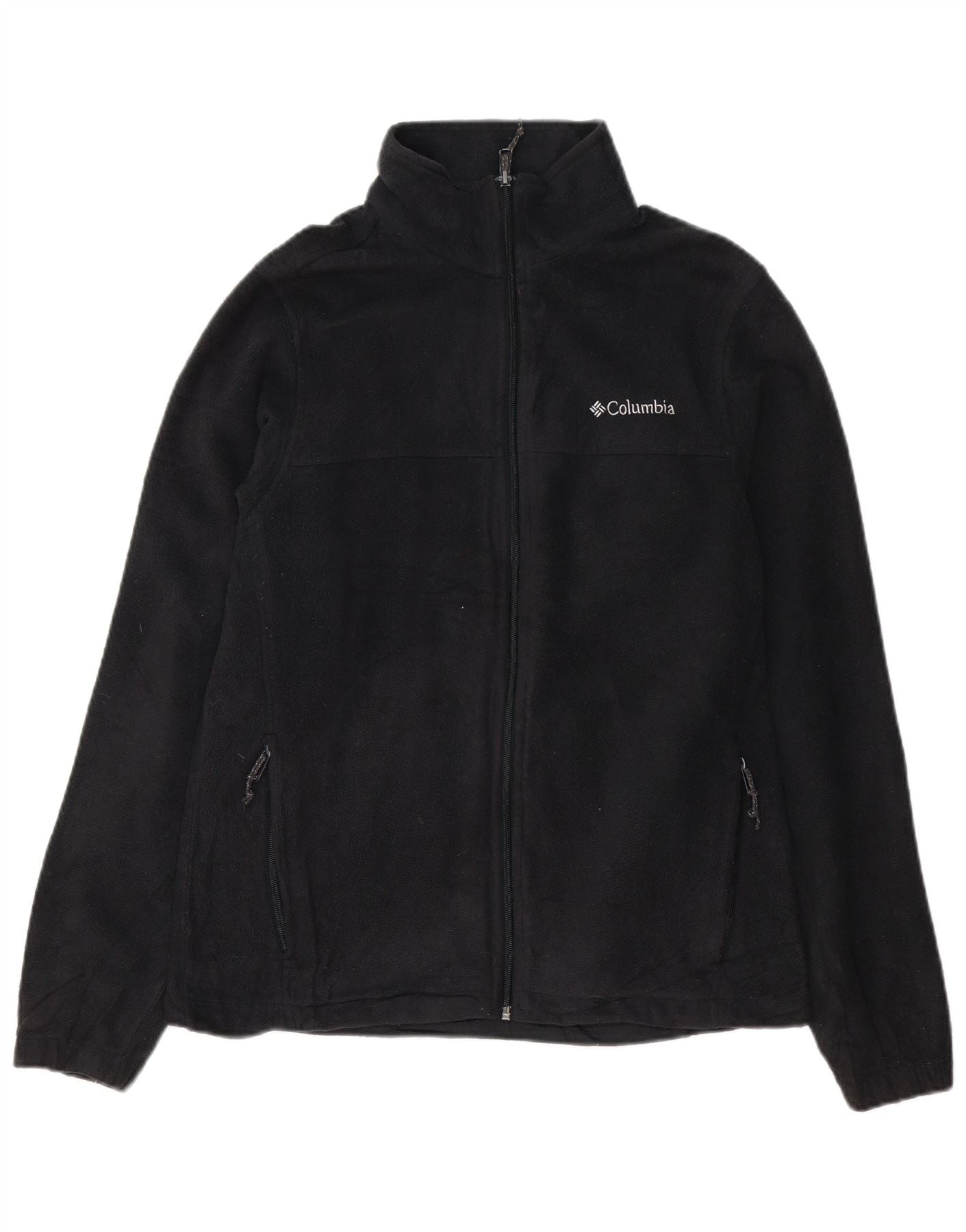 - AI Description: This Columbia mens Fleece Jacket is crafted from 100 percent polyester fleece in a classic black hue. It features a collared neckline and a full zip closure for versatile wear. Long sleeves and a regular fit ensure comfortable movement. Zipped pockets offer practical storage. The lightweight and breathable design is accented with a subtle brand logo, making it ideal for sports.
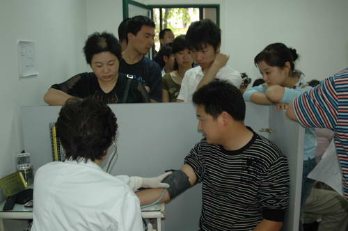 省委办公厅的领队、纪委书记李前省告诉记者,自汶川发生强烈地震后,牵动了省委办公厅广大干部职工的心,办公厅在搞好省委抗震救灾服务工作的同时,组织干部职工向灾区捐款、捐物、献血。干部职工报名献血的热情空前高涨,有些同志50多岁还积极报名。他们想通过献血向灾区人民表达自己的深情厚谊。办公厅26岁的秘书余自游献血200毫升,他说我想用这种特殊的方式来支援灾区人民。
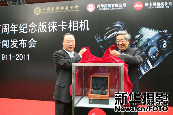 “辛亥革命一百周年”纪念版徕卡相机新闻发布会今天上午在北京宋庆龄故居举行。全国政协副主席白立忱、第十届全国人大副委员长许嘉璐出席并为该纪念版相机揭幕。全国政协常委、港澳台侨委员会副主任杨崇汇,中央统战部副部长黄跃金,中国致公党中央副主席杨邦杰、严以新,中国宋庆龄基金会党组书记、常务副主席常荣军,中国宋庆龄基金会副主席吉佩定、杨绍明,中国摄影家协会分党组书记、副主席兼秘书长李前光,徕卡照相机公司亚太区董事经理索尼尔,兴华拓展有限公司总裁陈伟业等领导也出席了此次发布会,并为纪念版相机揭幕。
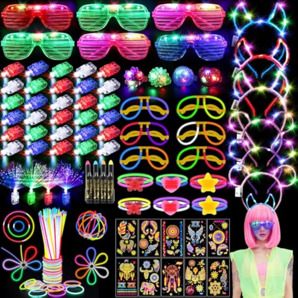 | 130Pcs Glow In The Dark Party Favors --- Rich Variety Of Light Up Toys Accessories For Glow Party, Includes 6 * Led Glow Glasses, 6 * Light Up Headbands, 4 * Light Up Rings, 4 * Led Fiber Optic Finger Lights, 30 * Color Changing Finger Flashlights, 50 * Glow Sticks, 10 * Washable Temporary Tattoos, 4 * Glow Crayons, 4 * Ball/Flower Connectors, 6 * Bracelet Connectors, 6 * Glow Glasses Molds, 50 * Normal Connectors. Ultra Bright Glow In The Dark Stuff And Accessories For Neon Glow Party Supplies, Neon Party Favors, Neon Party Decorations And Props, New Years Eve Party Supplies 2026. | | Safe And Long Lasting Glow Party Supplies --- All Glow Party Accessories Are Made From Non-Toxic Materials, Ensuring That They Are Safe For Children And Adults. Neon Accessories For Glow Party Pack Come With Multi Kinds Of Led Party Favors Toys. 30Pcs Color Changing Finger Lights Will Be A Huge Hit At Christmas, Easter Egg Decoration, Festivals Prizes And More! 4 Rings And Led Fiber Optic Finger Lights. Light Up Glasses And Headbands Have 3 Modes: Fast Flashing, Slow Flashing Constant. Easy To Use With Off/On Swtich. Keep Giving Out Cool Lights Until The Last Minute Of Glow Day Party. | | Diy Glow Sticks Bulk Party Pack --- Super Bright 8-Inch Neon Colors Glow Sticks Bulk Offer 8 Vibrant Colors Including Blue, Green, Yellow, Orange, Pink, Purple, Red, White, Which Bring Endless Fun To Kids And Adults. Glowsticks Comes With Various Of Modes And Connectors, Easy To Diy Glow Stick Glasses, Glow Stick Necklaces And Bracelets, Glow Balls And Flowers. Just Use Your Imagination To Create More Glow Party Decorations And Accessories. Perfectly Make You Stand Out Of The Dark In Glow Parties. All Kids Teen Will Love The Party Light Up Accessories. | | Bonus Temporary Tattoos Stickers Uv Body Paint --- Enhance The Fun With Our Included Temporary Tattoos And Neon Face And Body Paint. 10 Sheet Glow In The Dark Temporary Tattoos Have Lots Of Trendy Styles! These Glow In The Dark Face Paint Cannot Glow In The Dark Directly. Shine Mysteriously In The Dark And Burst Into Neon Colors Under Uv Lights! This Neon Body Paint Is Very Easy To Apply On The Body And Washable. Ideal For Creative Expression At Any Party. Customize Your Guests' Looks While They Enjoy The Festivities, Creating Memorable Experiences. | | Perfect For Any Celebration --- Both Kids And Adults Can Have Fun With These Party Glow Sticks And Led Light Up Party Accessories. Suitable For All Kinds Of Glow Parties, Such As Glow Halloween Party Favors, Christmas, New Year'S Eve Party Supplies 2026, Birthday Party Supplies, Disco Party Supplies, Dance Party Favors, Kids Party Supplies Etc. Also Perfect For Night Activities, Double As Fun Camping Accessories For Kids, Rave Festival Accessories, School Event, Wedding Dance Floor Props Etc. Transform Your Party Into A Glowing Wonderland That Will Captivate Guests Of All Ages. | |

### Goal of the exercise
Each of the lines above should be transcribed exactly; no image is to be copied.

### Answer to this problem
 - AI Description: This Columbia mens Fleece Jacket is crafted from 100 percent polyester fleece in a classic black hue. It features a collared neckline and a full zip closure for versatile wear. Long sleeves and a regular fit ensure comfortable movement. Zipped pockets offer practical storage. The lightweight and breathable design is accented with a subtle brand logo, making it ideal for sports.
 省委办公厅的领队、纪委书记李前省告诉记者,自汶川发生强烈地震后,牵动了省委办公厅广大干部职工的心,办公厅在搞好省委抗震救灾服务工作的同时,组织干部职工向灾区捐款、捐物、献血。干部职工报名献血的热情空前高涨,有些同志50多岁还积极报名。他们想通过献血向灾区人民表达自己的深情厚谊。办公厅26岁的秘书余自游献血200毫升,他说我想用这种特殊的方式来支援灾区人民。
 “辛亥革命一百周年”纪念版徕卡相机新闻发布会今天上午在北京宋庆龄故居举行。全国政协副主席白立忱、第十届全国人大副委员长许嘉璐出席并为该纪念版相机揭幕。全国政协常委、港澳台侨委员会副主任杨崇汇,中央统战部副部长黄跃金,中国致公党中央副主席杨邦杰、严以新,中国宋庆龄基金会党组书记、常务副主席常荣军,中国宋庆龄基金会副主席吉佩定、杨绍明,中国摄影家协会分党组书记、副主席兼秘书长李前光,徕卡照相机公司亚太区董事经理索尼尔,兴华拓展有限公司总裁陈伟业等领导也出席了此次发布会,并为纪念版相机揭幕。
 | 130Pcs Glow In The Dark Party Favors --- Rich Variety Of Light Up Toys Accessories For Glow Party, Includes 6 * Led Glow Glasses, 6 * Light Up Headbands, 4 * Light Up Rings, 4 * Led Fiber Optic Finger Lights, 30 * Color Changing Finger Flashlights, 50 * Glow Sticks, 10 * Washable Temporary Tattoos, 4 * Glow Crayons, 4 * Ball/Flower Connectors, 6 * Bracelet Connectors, 6 * Glow Glasses Molds, 50 * Normal Connectors. Ultra Bright Glow In The Dark Stuff And Accessories For Neon Glow Party Supplies, Neon Party Favors, Neon Party Decorations And Props, New Years Eve Party Supplies 2026. | | Safe And Long Lasting Glow Party Supplies --- All Glow Party Accessories Are Made From Non-Toxic Materials, Ensuring That They Are Safe For Children And Adults. Neon Accessories For Glow Party Pack Come With Multi Kinds Of Led Party Favors Toys. 30Pcs Color Changing Finger Lights Will Be A Huge Hit At Christmas, Easter Egg Decoration, Festivals Prizes And More! 4 Rings And Led Fiber Optic Finger Lights. Light Up Glasses And Headbands Have 3 Modes: Fast Flashing, Slow Flashing Constant. Easy To Use With Off/On Swtich. Keep Giving Out Cool Lights Until The Last Minute Of Glow Day Party. | | Diy Glow Sticks Bulk Party Pack --- Super Bright 8-Inch Neon Colors Glow Sticks Bulk Offer 8 Vibrant Colors Including Blue, Green, Yellow, Orange, Pink, Purple, Red, White, Which Bring Endless Fun To Kids And Adults. Glowsticks Comes With Various Of Modes And Connectors, Easy To Diy Glow Stick Glasses, Glow Stick Necklaces And Bracelets, Glow Balls And Flowers. Just Use Your Imagination To Create More Glow Party Decorations And Accessories. Perfectly Make You Stand Out Of The Dark In Glow Parties. All Kids Teen Will Love The Party Light Up Accessories. | | Bonus Temporary Tattoos Stickers Uv Body Paint --- Enhance The Fun With Our Included Temporary Tattoos And Neon Face And Body Paint. 10 Sheet Glow In The Dark Temporary Tattoos Have Lots Of Trendy Styles! These Glow In The Dark Face Paint Cannot Glow In The Dark Directly. Shine Mysteriously In The Dark And Burst Into Neon Colors Under Uv Lights! This Neon Body Paint Is Very Easy To Apply On The Body And Washable. Ideal For Creative Expression At Any Party. Customize Your Guests' Looks While They Enjoy The Festivities, Creating Memorable Experiences. | | Perfect For Any Celebration --- Both Kids And Adults Can Have Fun With These Party Glow Sticks And Led Light Up Party Accessories. Suitable For All Kinds Of Glow Parties, Such As Glow Halloween Party Favors, Christmas, New Year'S Eve Party Supplies 2026, Birthday Party Supplies, Disco Party Supplies, Dance Party Favors, Kids Party Supplies Etc. Also Perfect For Night Activities, Double As Fun Camping Accessories For Kids, Rave Festival Accessories, School Event, Wedding Dance Floor Props Etc. Transform Your Party Into A Glowing Wonderland That Will Captivate Guests Of All Ages. | |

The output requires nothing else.